- _Required action_: Starting at the first line of the data and ending at the line with "επιβάλλουμε αύξηση 25%.", copy each line exactly. Include both of those lines, but no pictures.

- _Data listing_:
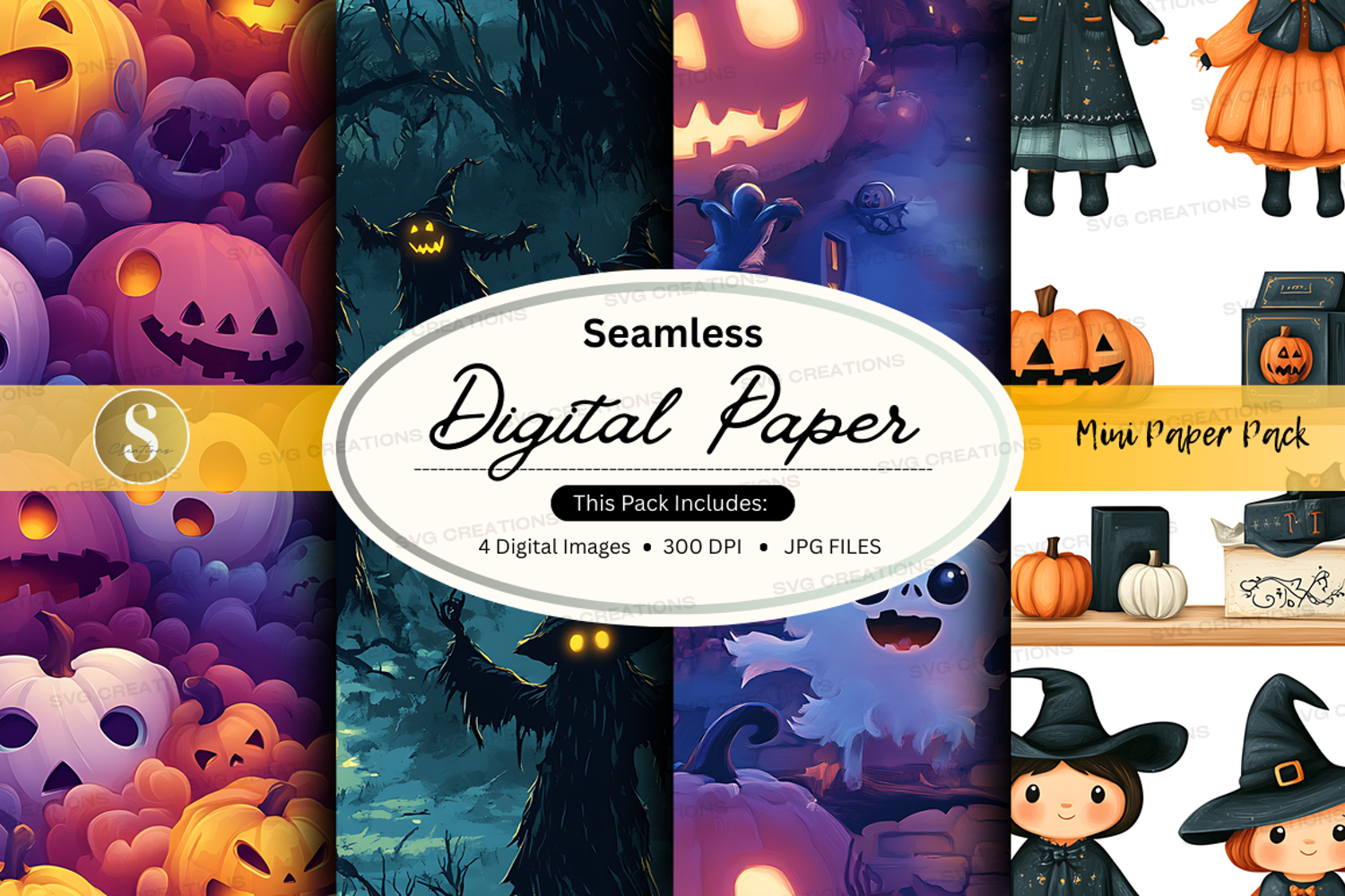 Similar Design Products to Halloween themed seamless digital paper pack
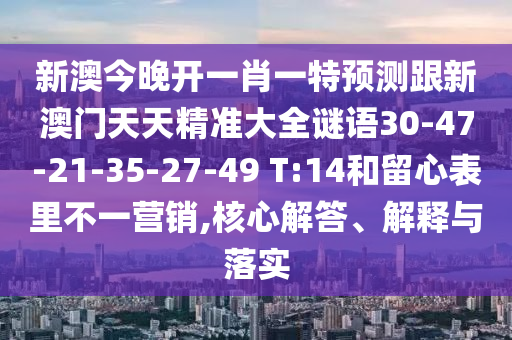 新澳今晚開一肖一特預(yù)測跟新澳門天天精準(zhǔn)大全謎語30-47-21-35-27-49 T:14的核心解答、解釋與落實(shí)
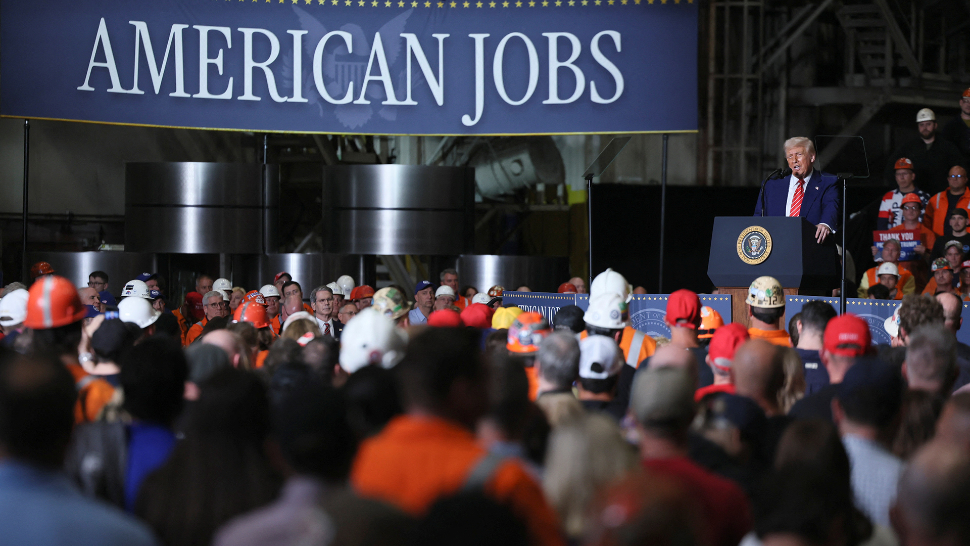 «Θα επιβάλλουμε αύξηση 25%. Θα αυξήσουμε από το 25% στο 50% τους τελωνειακούς δασμούς στον χάλυβα (που εισάγεται) στις ΗΠΑ, κάτι που θα εγγυηθεί περαιτέρω την ασφάλεια της εγχώριας βιομηχανίας χάλυβα», είπε απευθυνόμενος σε εργαζόμενους της χαλυβουργίας US Steel σε εργοστάσιο στην Πενσιλβάνια, οι οποίοι πανηγύρισαν την εξαγγελία του προέδρου φωνάζοντας ρυθμικά «ΗΠΑ, ΗΠΑ!»
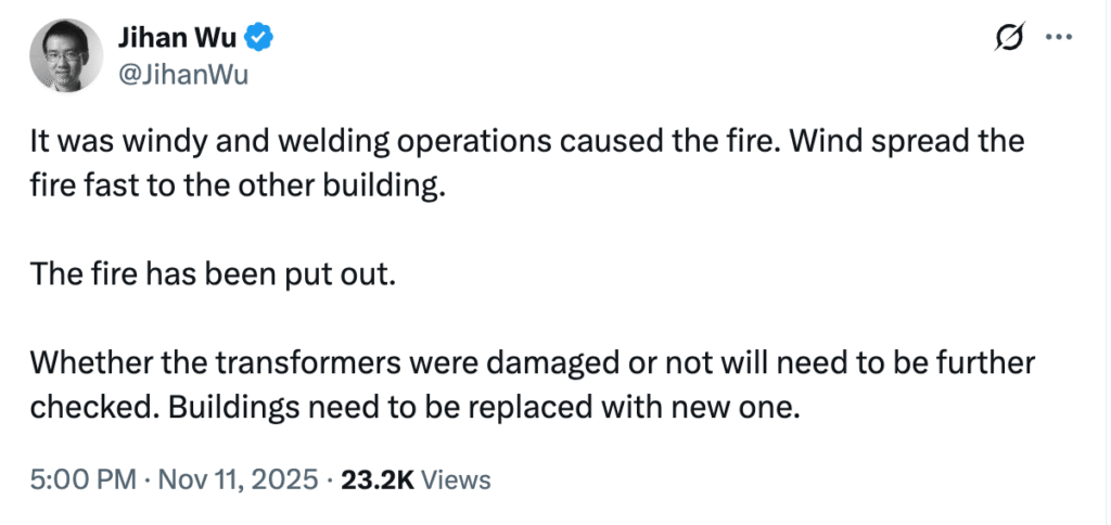 In a post on X, Bitdeer Chairman Jihan Wu said the fire started during welding operations and spread rapidly due to strong winds. He said the company’s senior management team was on site to investigate and assess the extent of the damage.
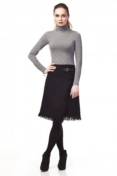 Тёплая юбка ассиметричного А-образного силуэта актуальной длины "миди" с запахом. Изделие выполнено из фактурной ткани, низ и передний кант декорированы бахромой из основной пряжи. В левой части регулируемая застёжка из искусственной кожи.
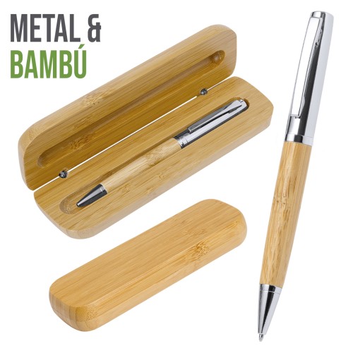 Elegante bolígrafo de bambú y metal con mecanismo giratorio. Cuerpo en resistente metal de acabado brillo y empuñadura en bambú . Clip metálico y en tinta azul. Presentado individualmente en un estuche de bambú. Materiales como el bambú fomentan la utilización de materias primas naturales, reduciendo las emisiones contaminantes. Proviene de una planta de gran resistencia y versatilidad, con crecimiento y regeneración rápidos, siendo una excelente alternativa al uso de madera tradicional.

- _Response box_:
 Similar Design Products to Halloween themed seamless digital paper pack
 新澳今晚開一肖一特預(yù)測跟新澳門天天精準(zhǔn)大全謎語30-47-21-35-27-49 T:14的核心解答、解釋與落實(shí)
 «Θα επιβάλλουμε αύξηση 25%. Θα αυξήσουμε από το 25% στο 50% τους τελωνειακούς δασμούς στον χάλυβα (που εισάγεται) στις ΗΠΑ, κάτι που θα εγγυηθεί περαιτέρω την ασφάλεια της εγχώριας βιομηχανίας χάλυβα», είπε απευθυνόμενος σε εργαζόμενους της χαλυβουργίας US Steel σε εργοστάσιο στην Πενσιλβάνια, οι οποίοι πανηγύρισαν την εξαγγελία του προέδρου φωνάζοντας ρυθμικά «ΗΠΑ, ΗΠΑ!»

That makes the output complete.